▼
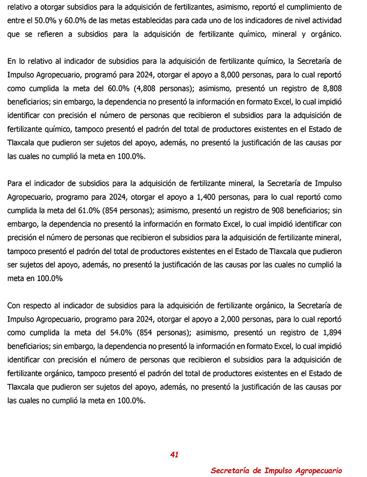 Finalmente, para el “Subsidio para la adquisición de fertilizante mineral” tenía mil 400 y otorgó sólo 854; y para el “Subsidio para la adquisición de fertilizante orgánico” la SIA tenía dos mil apoyos y entregó 854.
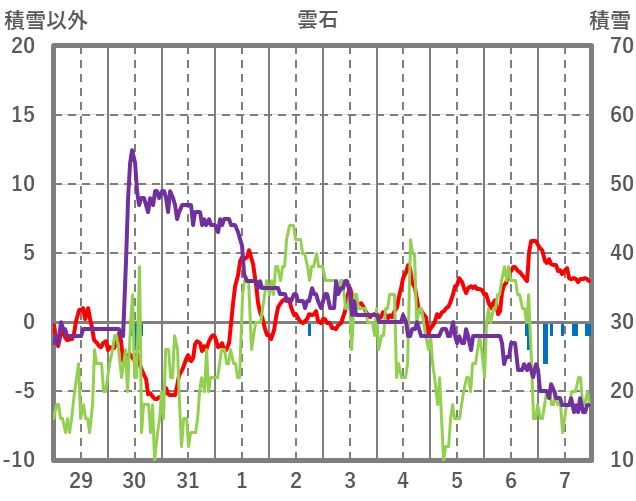 | 日 | 時 | 気温 | 降水 | 風向/風速 | 日照 | 積雪 | 降雪 |
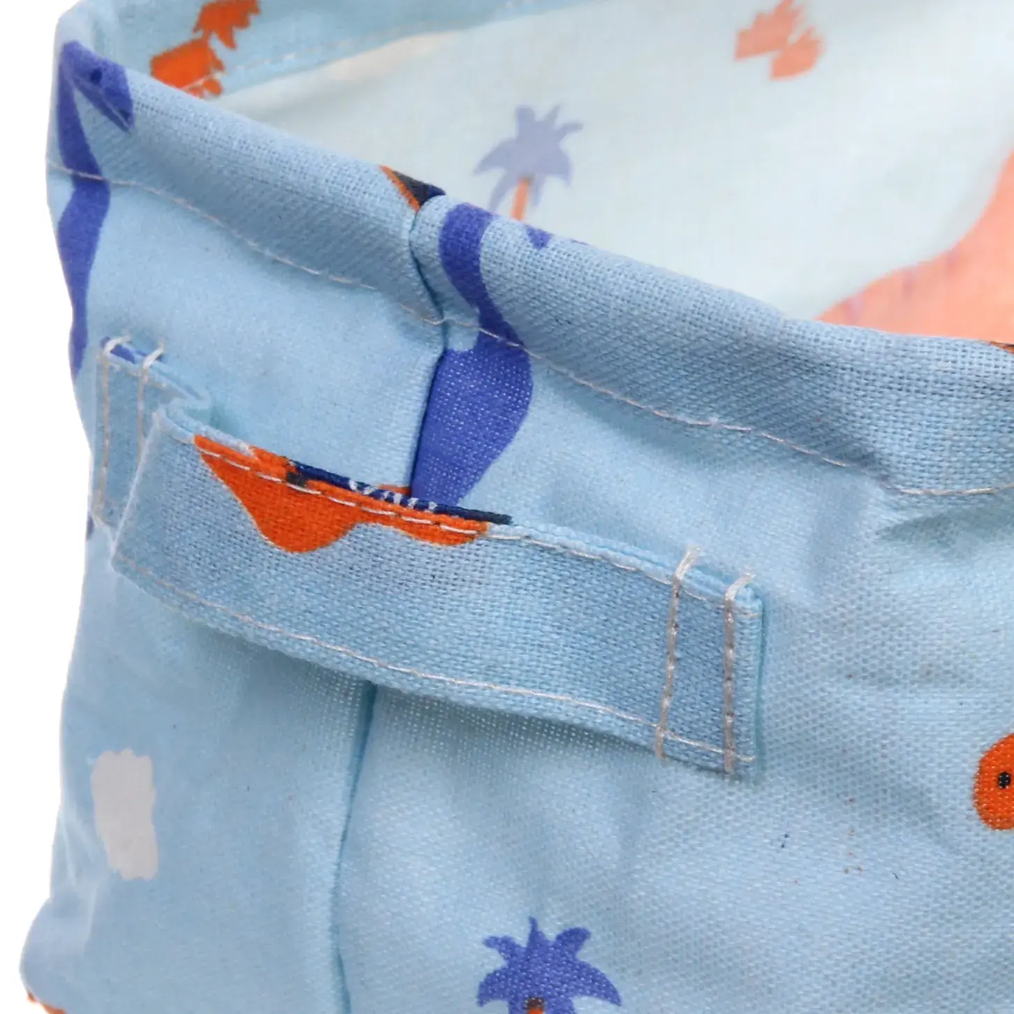 Корзина выполнена из текстильного материала, что обеспечивает её мягкость и безопасность для детей. Размеры 23х16х12 см делают её достаточно вместительной для хранения различных предметов. Яркий принт с динозаврами, пальмами и облаками добавляет веселья и радости в повседневную жизнь. Не упустите возможность сделать детскую комнату более организованной и красивой с корзиной «ФРАТТИ БУМ»!
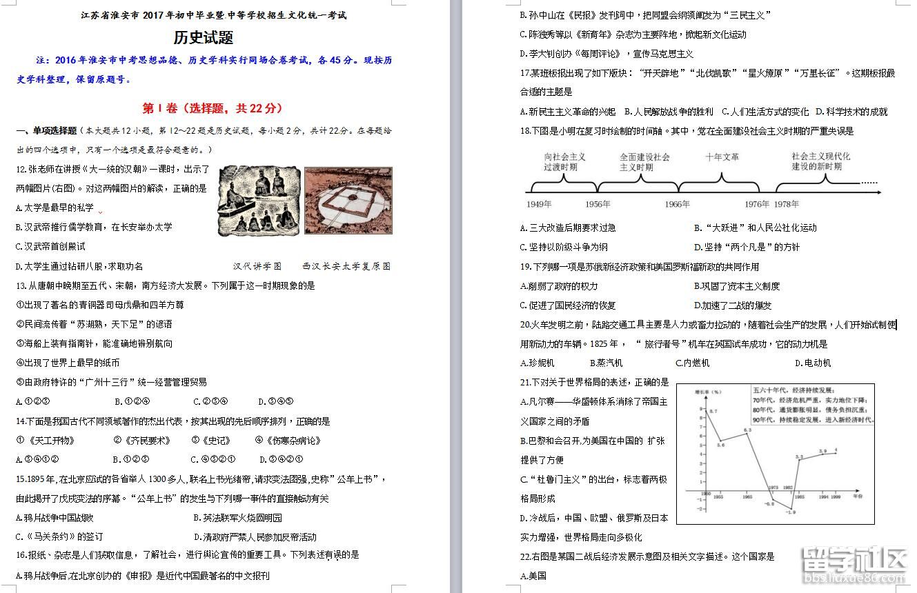 每天都是一個起點,每天都有一點進步,每天都有一點收獲。以下內(nèi)容是由出國留學(xué)網(wǎng)小編為大家收集整理的[2017年淮安中考?xì)v史試題附答案(word版)],歡迎查看。小編也在此祝各位學(xué)子中考順利!
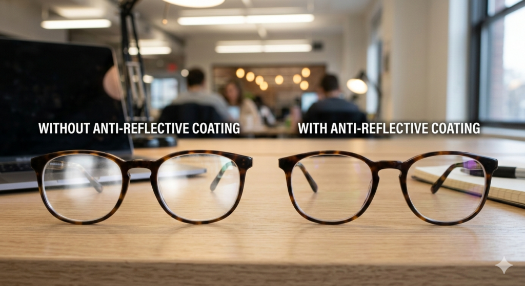 AR coating reduces reflections from both the front and back surfaces of your lenses. Without it, light from screens, ceiling lights, and windows bounces off your lenses and enters your eyes as glare.
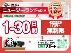eSIMサービス ニュージーランド全土対応 <1日1GB~無制限/最大30日間/日本語LINEサポート利用可>
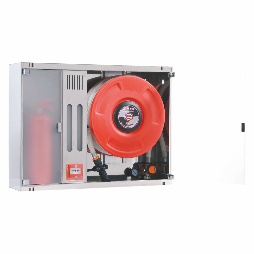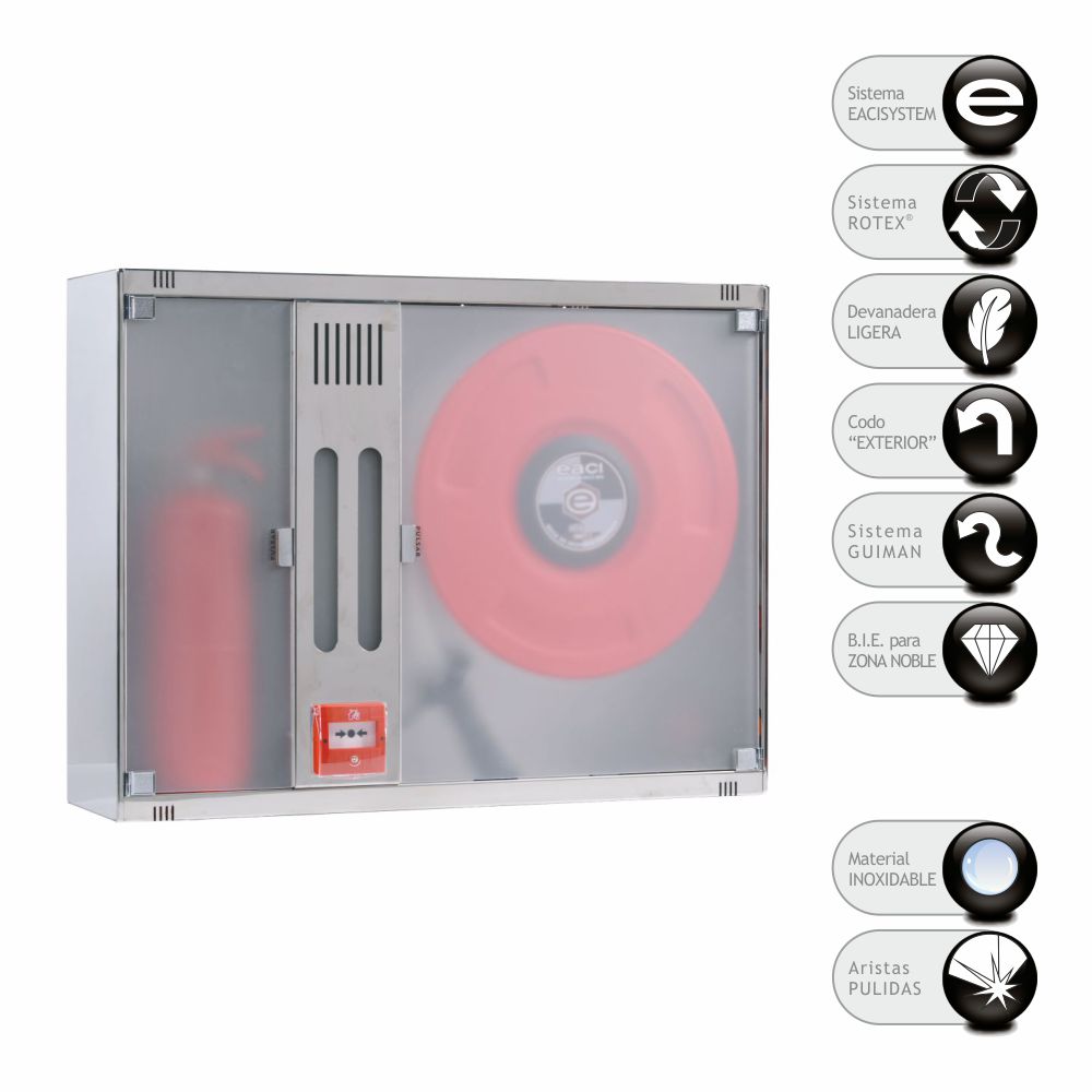 Boca de incendio equipada BIE 25mm EACI MASTER 3PEI con armario horizontal en acero inoxidable AISI 304 y compartimento integrado para extintor. Incluye manguera semirrígida de 20 metros conforme a UNE-EN 671-1 y módulo técnico para elementos de detección. Solución premium de EACI para zonas nobles que requieren máxima estética y funcionalidad en protección contra incendios.
▲
What is being asked: Repeat verbatim all the material, but not the pictures.

Problem solution:
 Finalmente, para el “Subsidio para la adquisición de fertilizante mineral” tenía mil 400 y otorgó sólo 854; y para el “Subsidio para la adquisición de fertilizante orgánico” la SIA tenía dos mil apoyos y entregó 854.
 | 日 | 時 | 気温 | 降水 | 風向/風速 | 日照 | 積雪 | 降雪 |
 Корзина выполнена из текстильного материала, что обеспечивает её мягкость и безопасность для детей. Размеры 23х16х12 см делают её достаточно вместительной для хранения различных предметов. Яркий принт с динозаврами, пальмами и облаками добавляет веселья и радости в повседневную жизнь. Не упустите возможность сделать детскую комнату более организованной и красивой с корзиной «ФРАТТИ БУМ»!
 每天都是一個起點,每天都有一點進步,每天都有一點收獲。以下內(nèi)容是由出國留學(xué)網(wǎng)小編為大家收集整理的[2017年淮安中考?xì)v史試題附答案(word版)],歡迎查看。小編也在此祝各位學(xué)子中考順利!
 AR coating reduces reflections from both the front and back surfaces of your lenses. Without it, light from screens, ceiling lights, and windows bounces off your lenses and enters your eyes as glare.
eSIMサービス ニュージーランド全土対応 <1日1GB~無制限/最大30日間/日本語LINEサポート利用可>
 Boca de incendio equipada BIE 25mm EACI MASTER 3PEI con armario horizontal en acero inoxidable AISI 304 y compartimento integrado para extintor. Incluye manguera semirrígida de 20 metros conforme a UNE-EN 671-1 y módulo técnico para elementos de detección. Solución premium de EACI para zonas nobles que requieren máxima estética y funcionalidad en protección contra incendios.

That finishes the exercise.